**Required work**.
Beginning with the line containing "ヨド倉庫 SOB-5883ME 布基礎仕様", write out each line exactly through the end of the listing, and skip all pictures.

**Provided data**.
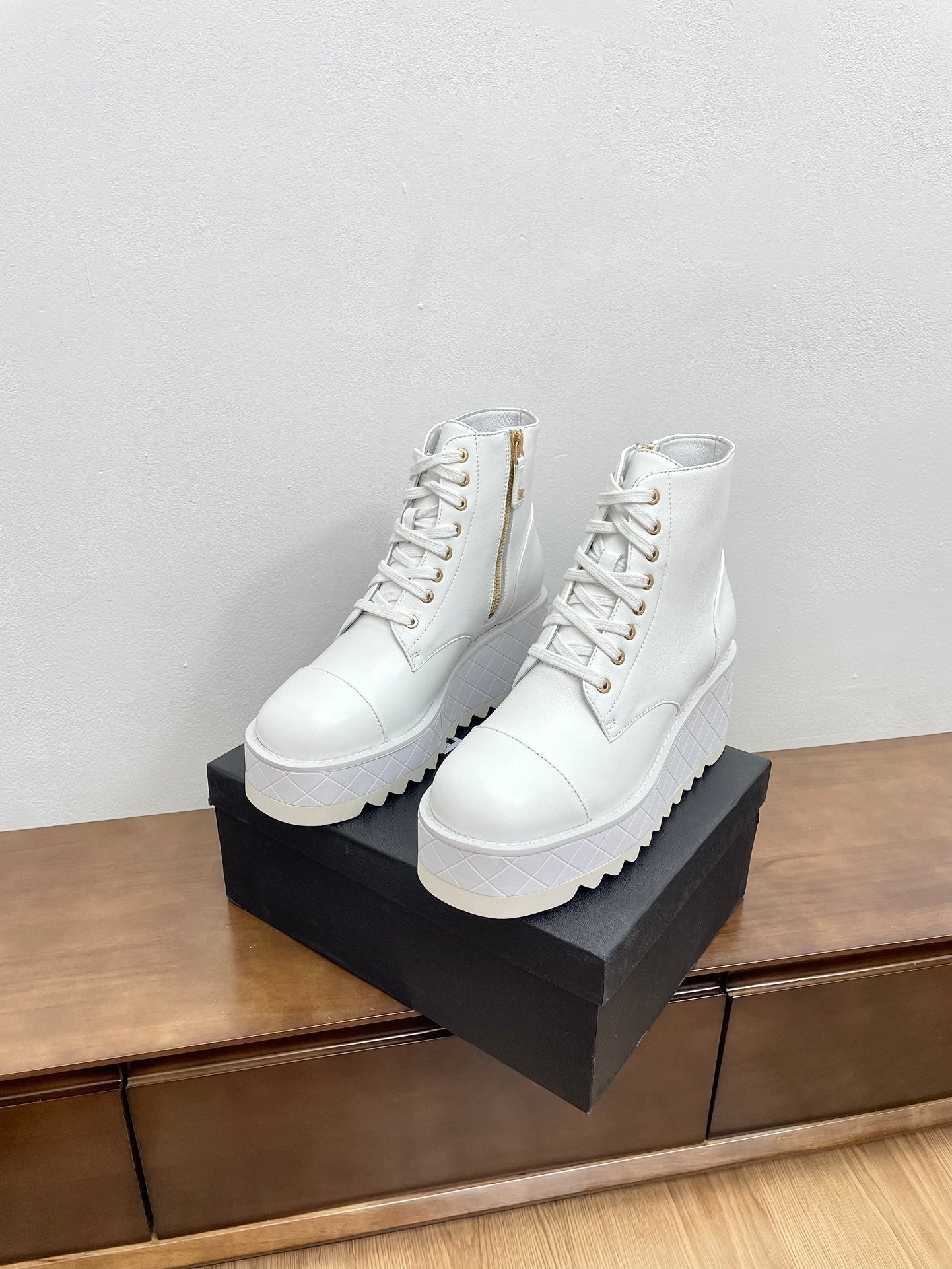 CC High Boots 45mm White Mix Black Quilted Cowhide
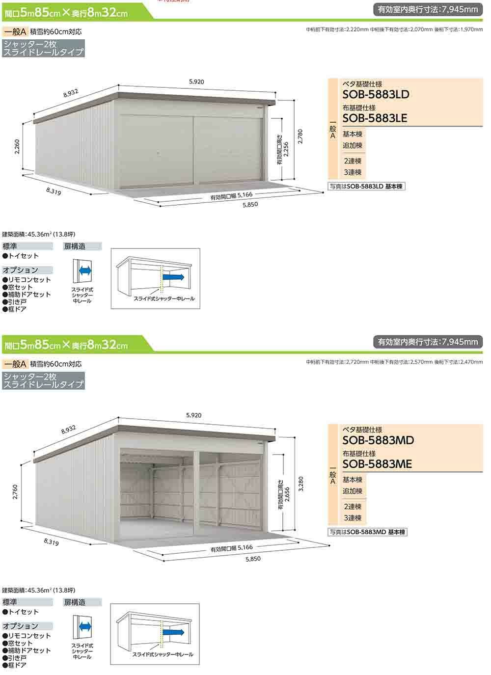 ヨド倉庫 SOB-5883ME 布基礎仕様 追加棟 一般A 間口5850×奥行8319×高さ3280
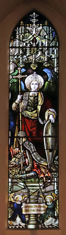 E2 (centre): St Michael (Cross, shield and dragon at his feet. "Praise Ye Him, All His Angels")
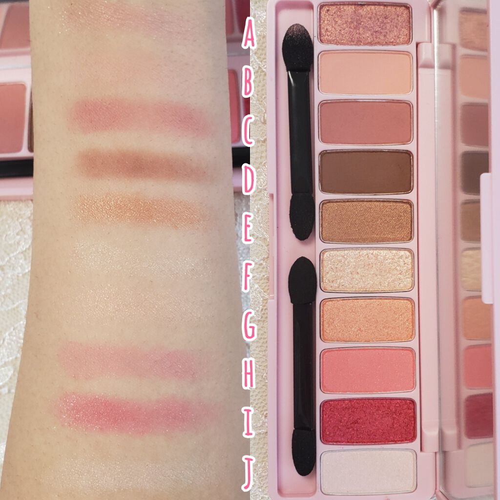 - 肌なじみの良い、鮮やかな発色で目元を華やかに彩る捨て色なしの10色アイシャドウパレット 異なる3種のテクスチャーを自由に組み合わせて、グラデーションも思いのままに。 NEW 2023.4 ・肌トーンにあう配色を詰め込んだトレンドカラー 肌トーンに合わせて、自分に似合うトレンドカラーが楽しめる♡ パーソナルカラー×トレンドカラーの掛け合わせパレットで、デイリーメイクもスペシャルメイクも気分にあわせてなりたい自分に! ・むにゅっとジェル質感ラメで高密着、煌めく目元 パレットの中でもポイントとなる大きめ粒子のラメは、ジェルのような新質感で落ちにくく肌にぴったりと密着します。キラキラとした目元をキープします。 ・使うカラーは大きめに!リアル捨て色なしパレット ベースやラメのよく使うカラーと締め色や濃い色等の減りが少ないカラーを異なるサイズで詰め込んだ、リアル捨て色なしパレット! <使用方法> 付属のデュアルシャドウブラシでベースカラーをまぶた全体に塗り広げます。細いブラシでグラデーションや目尻、アイライン、涙袋などのポイントカラーをのせて仕上げます。

**Task answer**.
 ヨド倉庫 SOB-5883ME 布基礎仕様 追加棟 一般A 間口5850×奥行8319×高さ3280
 E2 (centre): St Michael (Cross, shield and dragon at his feet. "Praise Ye Him, All His Angels")
 - 肌なじみの良い、鮮やかな発色で目元を華やかに彩る捨て色なしの10色アイシャドウパレット 異なる3種のテクスチャーを自由に組み合わせて、グラデーションも思いのままに。 NEW 2023.4 ・肌トーンにあう配色を詰め込んだトレンドカラー 肌トーンに合わせて、自分に似合うトレンドカラーが楽しめる♡ パーソナルカラー×トレンドカラーの掛け合わせパレットで、デイリーメイクもスペシャルメイクも気分にあわせてなりたい自分に! ・むにゅっとジェル質感ラメで高密着、煌めく目元 パレットの中でもポイントとなる大きめ粒子のラメは、ジェルのような新質感で落ちにくく肌にぴったりと密着します。キラキラとした目元をキープします。 ・使うカラーは大きめに!リアル捨て色なしパレット ベースやラメのよく使うカラーと締め色や濃い色等の減りが少ないカラーを異なるサイズで詰め込んだ、リアル捨て色なしパレット! <使用方法> 付属のデュアルシャドウブラシでベースカラーをまぶた全体に塗り広げます。細いブラシでグラデーションや目尻、アイライン、涙袋などのポイントカラーをのせて仕上げます。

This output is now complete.